Reread Severin’s proposal. If a customer on his rate uses less than its hedge level, it sells the surplus at a high price.”
I’m not sure I see how this is different from the problem of setting the baseline for demand response. An informed customer could play the hedge level like a financial market, choosing to overhedge in anticipation of large offsetting revenues when the market hits a high price level. Given that wealthy customers are more likely to be able to afford this financial play and be willing to take this calculated risk, this likely would lead to another regressive wealth transfer.
“How many customers would have the where-with-all to play with hedging?”

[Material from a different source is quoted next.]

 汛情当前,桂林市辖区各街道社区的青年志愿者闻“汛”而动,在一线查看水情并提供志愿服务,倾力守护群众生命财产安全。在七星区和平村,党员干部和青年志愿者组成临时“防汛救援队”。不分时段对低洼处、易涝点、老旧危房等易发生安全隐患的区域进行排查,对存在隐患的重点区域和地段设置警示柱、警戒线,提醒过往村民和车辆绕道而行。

Severin, I’m with Steve. Max is busy making sure his apples are crisp and ripe, his almonds are freshly-slivered. As long as lights and coffee machine in the Hut are on and he can accept credit cards, the last thing he needs is to think about hedging his electricity consumption. Like most restaurateurs he’s already working 12-hour days – Max has better things to do.
I would love to understand the difference between “demand adjustment” and “service denial” – the contemporary trend of shifting service responsibility from vendors to consumers. After all, this extra time Max needs to save money on his electric bill has value, does it not? I would challenge anyone to show me evidence demand-adjustment programs have saved customers a dime, and not only allowed customers, at best, to maintain their current cost of electricity while imposing a significant cost in inconvenience – in re-scheduling their day to use electricity at the right time, in the right weather.
That sounds familiar…could it be another example of transferring the cost of solar and wind integration from generators to customers? For once we add the transmission unreliability of gas, to the variability of wind and solar, there could have been no other outcome in Texas – market design, notwithstanding.
“For once we add the transmission unreliability of gas, to the variability of wind and solar, there could have been no other outcome in Texas – market design, notwithstanding.”
Given that neighboring states, experiencing the same extreme weather, did not suffer the same scale of outages, it’s clear that other outcomes could and did occur with different market structures, regardless of resource mix.
This is an interesting idea. It would be useful to model how having a large number of electric cars plugged into the grid, both selling and buying power as the price fluctuates, would affect electric price and shortages. Eventually computer models may be able to use weather forecasts to estimate the best times to buy and sell stored electricity, minimizing the users cost and maximizing their return on investment in an electric car. If most Texas household had two electric cars, each with 100kwh batteries with 60 % of their storage available, would this have been able to get the household through the recent electricity shortage?